One must not, of course, construe even a reserved judgment of even Russell, L.J. as if it were an Act of Parliament. And, in Herrington v. British Railways Board, Lord Morris said: (All ER p. 761c)

There is always peril in treating the words of a speech or judgment as through they were words in a legislative enactment, and it is to be remembered that judicial utterances made in the setting of the facts of a particular case.

21. Circumstantial flexibility, one additional or different fact may make a world of difference between conclusions in two cases. Disposal of cases by blindly placing reliance on a decision is not proper.

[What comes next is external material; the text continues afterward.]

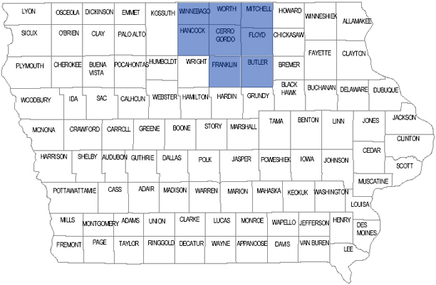 Service In The Following Counties: Cerro Gordo, Butler, Hancock, Winnebago, Worth, Mitchell, Floyd, Franklin Service In The Following Cities and Surrounding Areas: Alexander, Britt, Charles City, Clear Lake, Coulter, Fertile, Floyd, Forest City, Garner, Grafton, Greene, Hampton, Hanlontown, Joice, Kanawha, Kensett, Klemme, Lake Mills, Latimer, Manly, Mason City, Meservey, Mitchell, Nora Springs, Northwood, Osage, Plymouth, Rock Falls, Rockford, Rockwell, Rudd, St. Ansgar, Sheffield, Swaledale,Thornton, Stacyville, Ventura |

22. The following words of Lord Denning in the matter of applying precedents have become locus classicus:

Each case depends on its own facts and a close similarity between one case and another is not enough because even a single significant detail may alter the entire aspect. In deciding such cases, one should avoid the temptation to decide cases (as said by Cordozo) by matching the colour of one case against the colour of another. To decide, therefore, on which side of the line a case falls, the broad resemblance to another case is not at all decisive.

*** *** *** *** *** *** ***Precedent should be followed only so far as its marks the path of justice, but you must cut the dead wood and trim off the side branches else you will find yourself lost in thickets and branches. My plea is to keep the path to justice clear of obstructions which could impede it.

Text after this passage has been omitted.